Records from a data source
* * *

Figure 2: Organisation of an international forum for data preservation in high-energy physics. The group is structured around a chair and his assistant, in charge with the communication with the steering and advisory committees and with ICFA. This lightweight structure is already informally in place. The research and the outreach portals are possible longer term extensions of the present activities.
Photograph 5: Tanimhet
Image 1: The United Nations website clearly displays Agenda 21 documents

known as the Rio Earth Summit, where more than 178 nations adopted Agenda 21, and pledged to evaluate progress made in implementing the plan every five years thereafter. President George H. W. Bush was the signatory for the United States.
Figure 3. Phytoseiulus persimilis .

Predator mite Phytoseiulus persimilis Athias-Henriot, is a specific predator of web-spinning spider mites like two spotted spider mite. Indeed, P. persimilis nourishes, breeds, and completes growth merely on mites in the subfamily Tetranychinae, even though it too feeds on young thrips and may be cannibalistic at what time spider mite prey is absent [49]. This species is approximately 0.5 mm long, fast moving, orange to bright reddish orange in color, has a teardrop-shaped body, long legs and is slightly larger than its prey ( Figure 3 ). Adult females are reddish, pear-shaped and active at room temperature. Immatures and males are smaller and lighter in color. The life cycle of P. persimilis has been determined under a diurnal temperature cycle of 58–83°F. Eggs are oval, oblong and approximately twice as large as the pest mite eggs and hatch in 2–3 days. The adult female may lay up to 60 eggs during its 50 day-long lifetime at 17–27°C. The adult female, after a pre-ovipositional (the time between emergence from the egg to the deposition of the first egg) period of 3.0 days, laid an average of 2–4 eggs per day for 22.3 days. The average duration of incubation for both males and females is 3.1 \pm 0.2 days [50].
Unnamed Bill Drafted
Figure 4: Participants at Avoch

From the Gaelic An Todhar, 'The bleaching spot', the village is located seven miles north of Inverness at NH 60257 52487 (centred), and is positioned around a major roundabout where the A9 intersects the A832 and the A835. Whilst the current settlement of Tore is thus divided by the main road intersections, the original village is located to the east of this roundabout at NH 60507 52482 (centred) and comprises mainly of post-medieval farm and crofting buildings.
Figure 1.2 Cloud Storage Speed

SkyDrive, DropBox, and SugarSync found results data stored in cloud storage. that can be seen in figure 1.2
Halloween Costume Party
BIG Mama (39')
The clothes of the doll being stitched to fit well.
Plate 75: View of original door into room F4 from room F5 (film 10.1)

* * *

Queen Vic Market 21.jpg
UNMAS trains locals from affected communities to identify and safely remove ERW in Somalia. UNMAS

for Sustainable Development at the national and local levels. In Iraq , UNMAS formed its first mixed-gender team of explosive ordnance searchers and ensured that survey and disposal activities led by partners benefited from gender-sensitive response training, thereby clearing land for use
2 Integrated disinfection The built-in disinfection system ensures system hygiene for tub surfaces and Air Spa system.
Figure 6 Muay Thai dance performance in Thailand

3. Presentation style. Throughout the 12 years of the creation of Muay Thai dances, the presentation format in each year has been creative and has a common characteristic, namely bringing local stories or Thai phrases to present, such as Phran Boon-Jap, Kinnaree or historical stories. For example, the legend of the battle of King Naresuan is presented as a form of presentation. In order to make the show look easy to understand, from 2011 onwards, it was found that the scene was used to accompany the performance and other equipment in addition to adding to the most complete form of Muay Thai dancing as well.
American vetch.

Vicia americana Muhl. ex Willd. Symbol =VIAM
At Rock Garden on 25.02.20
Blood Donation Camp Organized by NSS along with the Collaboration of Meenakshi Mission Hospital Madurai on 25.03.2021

* * *

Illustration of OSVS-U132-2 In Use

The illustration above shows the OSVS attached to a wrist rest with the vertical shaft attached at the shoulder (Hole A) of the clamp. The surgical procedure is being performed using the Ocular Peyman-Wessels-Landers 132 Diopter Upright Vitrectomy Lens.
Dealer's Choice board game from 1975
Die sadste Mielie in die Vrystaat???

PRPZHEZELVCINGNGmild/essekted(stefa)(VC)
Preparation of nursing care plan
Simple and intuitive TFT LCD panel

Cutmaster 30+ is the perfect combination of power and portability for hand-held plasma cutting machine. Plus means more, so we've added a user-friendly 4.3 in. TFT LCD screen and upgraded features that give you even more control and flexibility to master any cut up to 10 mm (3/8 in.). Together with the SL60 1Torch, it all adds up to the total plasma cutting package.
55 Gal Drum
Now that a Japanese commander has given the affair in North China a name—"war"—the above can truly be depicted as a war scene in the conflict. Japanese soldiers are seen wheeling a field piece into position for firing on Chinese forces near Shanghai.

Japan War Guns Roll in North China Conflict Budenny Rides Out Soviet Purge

* * *

What the task asks ▸
Repeat, exactly as they stand above, the lines from the line with "SkyDrive, DropBox, and" to the line with "Plate 75: View", both lines included.

Result for this exercise ▸
SkyDrive, DropBox, and SugarSync found results data stored in cloud storage. that can be seen in figure 1.2
Halloween Costume Party
BIG Mama (39')
The clothes of the doll being stitched to fit well.
Plate 75: View of original door into room F4 from room F5 (film 10.1)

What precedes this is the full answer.